Apriori-and-its-improvements
Implemented applied Apriori algorithm and its improvements (PCY, multihash) in Python
Problems
Problem 1: PCY Algorithm
Implement PCY algorithm using a single hash and print all frequent itemsets. You can use a hashing function of your choice.
Input Parameters:
- Input.txt: This is the input file containing all transactions. Each line corresponds to a transaction. Each transaction has items that are comma separated. Use input.txt to test this algorithm.
- Support: Integer that defines the minimum count to qualify as a frequent itemset.
- Bucket size: This is the size of the hash table.
Output:
The output needs to contain the frequent itemsets of all sizes sorted lexicographically. It should also contain the hash buckets with their count of candidates. If the result just contains itemsets of size1 just print them and return. If it contains itemsets of size >= 2 print the bucket counts of the hash as well. For example consider the output below.
[‘a’, ‘b’, ‘d’] {0:0, 1:2, 3:5} [[‘a’, ‘b’]]
Here [‘a’, ‘b’, ‘d’] represents itemsets of size 1 and {0:0, 1:2, 3:5} represents the hash counts before calculating frequent itemsets of size 2. [[‘a’, ‘b’]] represents itemsets of size 2. Print all bucket counts only for ith frequent itemset where i >= 2. The counts in the buckets can vary depending on the hashing function used. So do not try to match this with the output files provided. File Name: Please name your python script as pcy.py. Executing code: python pooja_anand_pcy.py input.txt 4 8. Where support = 4 and buckets = 8
Problem 2: MultiHash Algorithm
Implement the multihash algorithm to generate frequent itemsets. You need to use 2 independent hashing functions for this. Make sure that all candidates are hashed to both the hashing functions to generate 2 different bit vectors. Both the hashes will have the same number of buckets. Input parameters are same as above. For output follow the same format, but since we have two different hashing functions, print both the hash bucket counts. The counts in the buckets can vary depending on the hashing function used. So do not try to match this with the output files provided
For example: [‘a’, ‘b’, ‘c’] {0:0, 1:2, 3:5} {0:1, 1:4, 3:2} [[‘a’, ‘b’]]

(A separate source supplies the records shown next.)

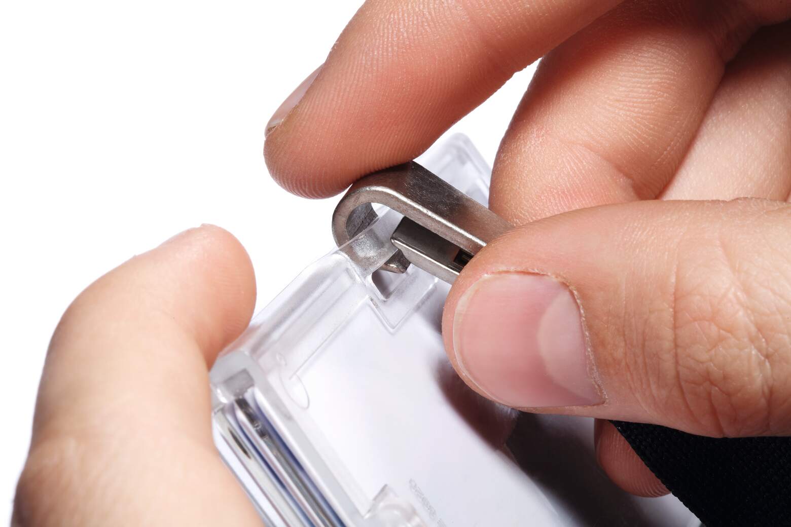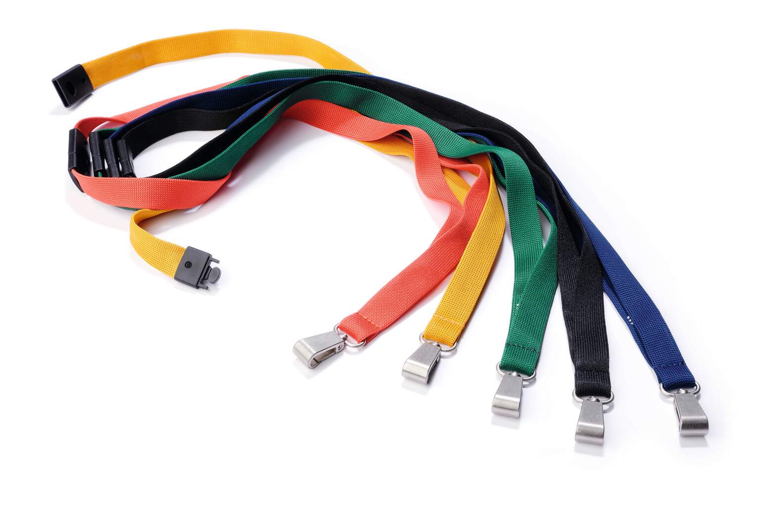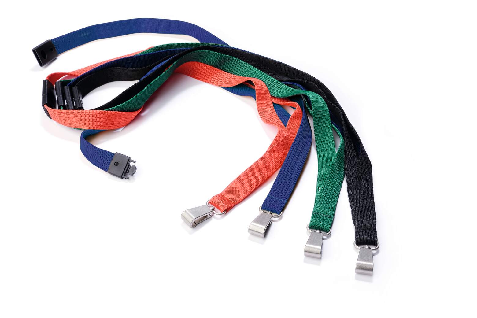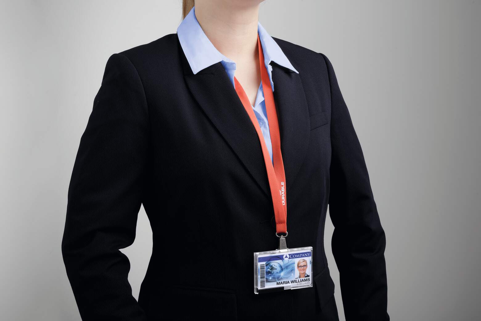 1,5 cm brett band av sidenmjuk textil med säkerhetslås som öppnas om man fastnar i något. Används tillsammans med korthållare för passerkort, namnskyltar med hål eller som nyckelband. Den 1,2 cm bred, roterbara karbinhaken av metall passar alla Durables korthållare och garanterar att korthållarna sitter fast ordentligt. Längd: 44 cm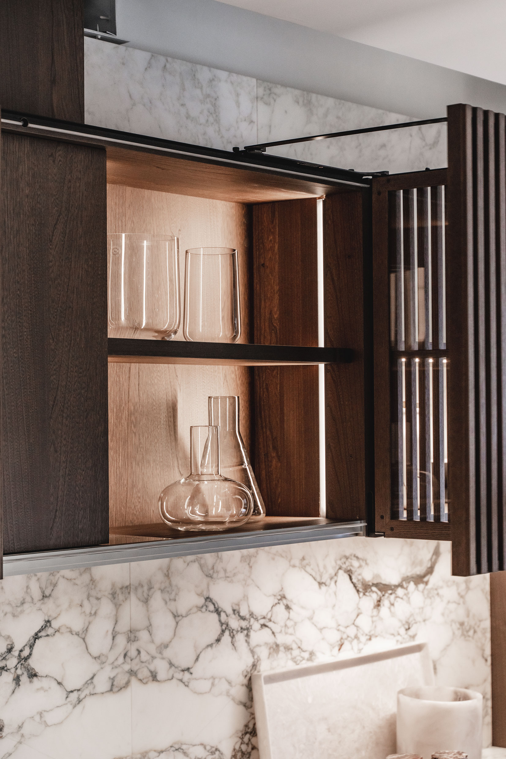 The over 300 sq. m of the space develops at the top level. It is inspired by the architecture of a family mansion. Distinguishing elements of the space include the transparencies created by huge windows, a signature feature of the Belgian designer. Living areas converse with dining areas and open onto a spacious and visually impressive VVD kitchen. The night-time area features pieces of the new Gliss Master collections in various finishes and compositions, such as the Sistema 7 with glass doors and, the Gliss Master island in light chestnut finish and bronze handles and the ivory ecoskin bamboo doors.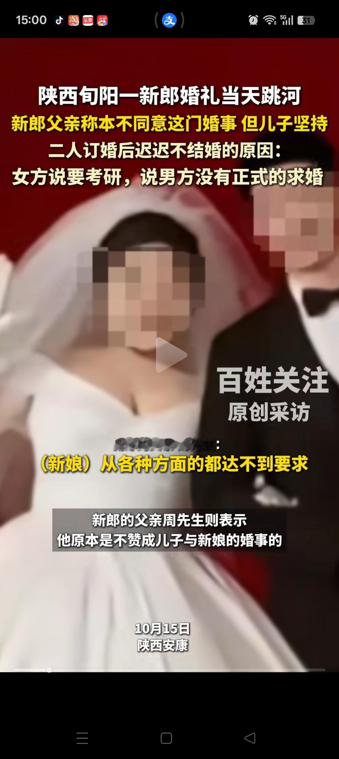 旬阳,新郎事件有了最新进展!男方已经拿回了彩礼和五金,也不打算和女方家里继续扯下去了。 这件事一开始,新郎的父亲并不同意,他觉得新娘各方面条件和他想的还有一定的差距,但是儿子坚持要娶,也就同意了。 后来,因为结婚的一些细节,女方妈妈挑理,觉得本来答应的8样礼品少了,变成了4样,不高兴。还有就是接她的车子晚了,表示不想去了 所以,新娘在车上一直抱怨新郎什么事都没做好。新郎也是全程低着头不敢说话,直到快下车时,流下了眼泪,就头也不回的跑了。 新郎的表姐当时也坐在车里,没拉住,想起来就流下了眼泪。 所以,整个事情从一开始就不是很愉快,到后来女方挑理,只可惜新郎没撑住,心疼[流泪][流泪]

File Name: Please name your python script as multihash.py. Executing code: python pooja_anand_multihash.py input.txt 4 8 Where support = 4 and bucket size = 8
Problem 3: Toivonen Algorithm
Implement the Toivonen algorithm to generate frequent itemsets. For this algorithm you need to use a sample size of less than 60% of your entire dataset. Use an appropriate sampling method to get the random sample set. Also perform a simple Apriori algorithm with the random sample set. Check for negative borders and run the algorithm again with a different sample set if required till there are no negative borders that have frequency > support.
Input Parameters:
- Input.txt: This is the input file containing all transactions. Each line corresponds to a transaction. Each transaction has items that are comma separated. Use input1.txt to test this algorithm.
- Support: Integer that defines the minimum count to qualify as a frequent itemset.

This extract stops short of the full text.